The Overstory by Richard Powers - This book is full of such rich detail, especially the first half where it paints elaborate portraits of its varied protagonists. As with most books I’ve read this year, the environment and our impact on it is a major theme.

While sifting through Airbnb for our upcoming honeymoon, we noticed that apartments in Tokyo and Kyoto looked noticeably similar to the ones we've stayed at in Australia and even, Hawaii. You're also likely to notice that with local cafes and restaurants - exposed walls, raw wood tables and brushed ceramic cups. The Verge has a surprisingly insightful piece on the phenomenon.

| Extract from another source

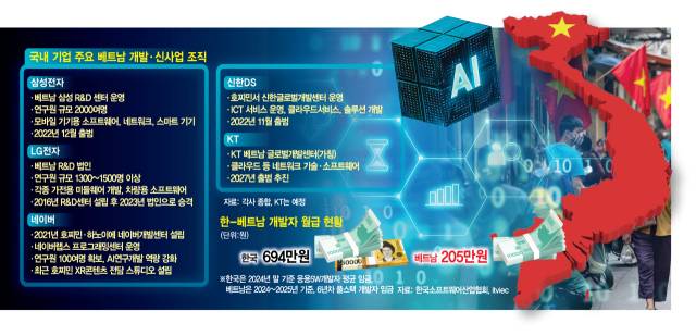 기업들이 베트남에 R&D 기반을 늘리는 이유는 준수한 개발 능력과 저렴한 임금이 맞물려서다. 인건비는 국내 채용의 절반 수준이다. 현지 개발자 채용 플랫폼인 아이티비엣(ITviec)에 따르면 베트남 6년 차 풀스택 개발자의 월급은 현재 3635만 동(205만 원)이다. 무엇보다 베트남의 고용 규제가 한국보다 덜하다는 점이 주효했다. IT 업계 관계자는 “국내 노동법이 더 세다는 것이 중요한 대목”이라며 “해외에서 채용하면 바쁜 시기에 집중 근무도 가능하다”고 말했다.
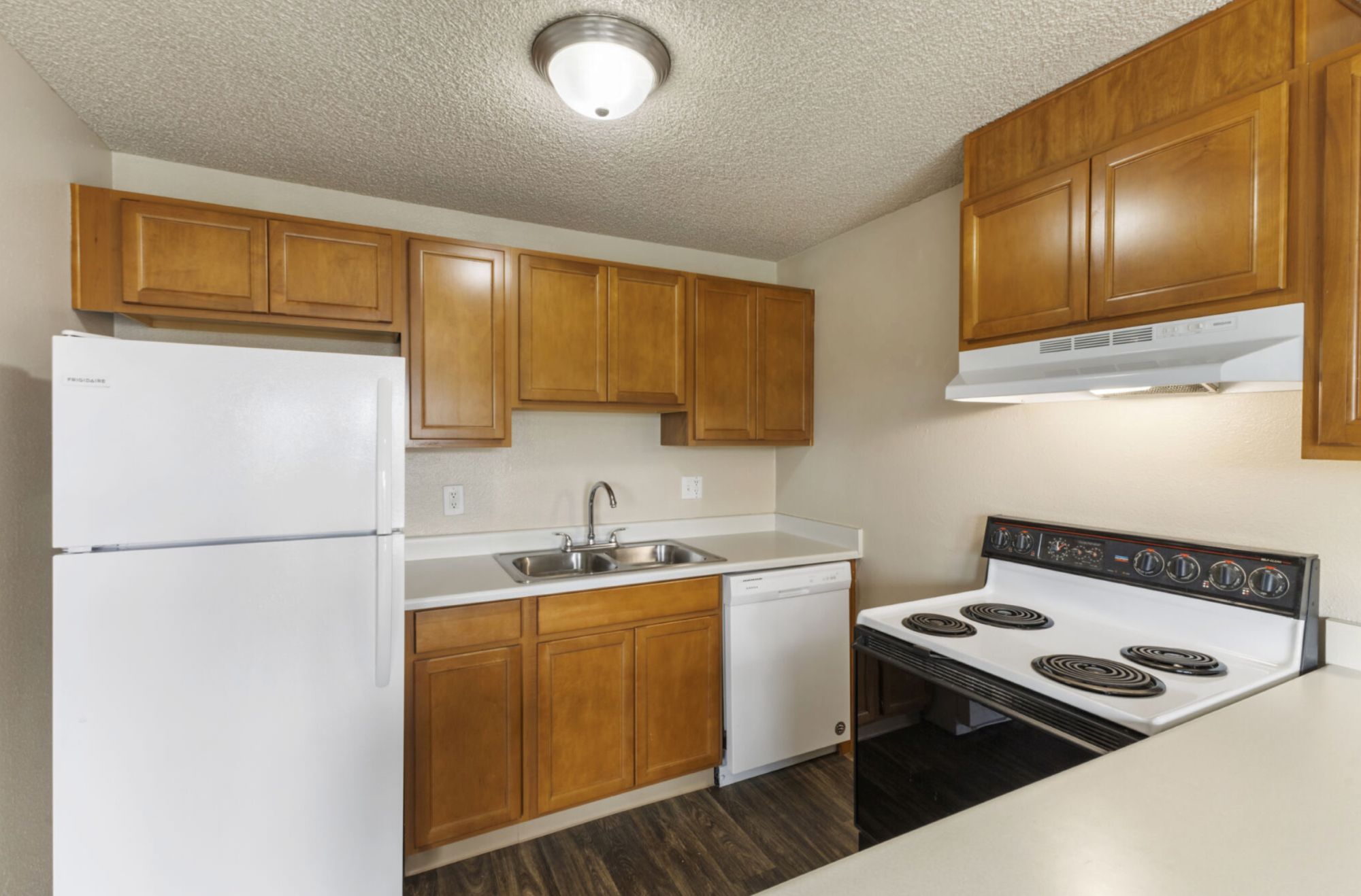 Units feature private balconies or patios, open-concept layouts, and functional kitchens. Covered parking, an on-site laundry facility, and lush landscaping add comfort and convenience for residents.

"As an affluent, self-selecting group of people move through spaces linked by technology, particular sensibilities spread, and these small pockets of geography grow to resemble one another, as Schwarzmann discovered: the coffee roaster Four Barrel in San Francisco looks like the Australian Toby’s Estate in Brooklyn looks like The Coffee Collective in Copenhagen looks like Bear Pond Espresso in Tokyo. You can get a dry cortado with perfect latte art at any of them, then Instagram it on a marble countertop and further spread the aesthetic to your followers."

(...)

"The connective emotional grid of social media platforms is what drives the impression of AirSpace. If taste is globalized, then the logical endpoint is a world in which aesthetic diversity decreases. It resembles a kind of gentrification: one that happens concurrently across global urban centers. Just as a gentrifying neighborhood starts to look less diverse as buildings are renovated and storefronts replaced, so economically similar urban areas around the world might increasingly resemble each other and become interchangeable."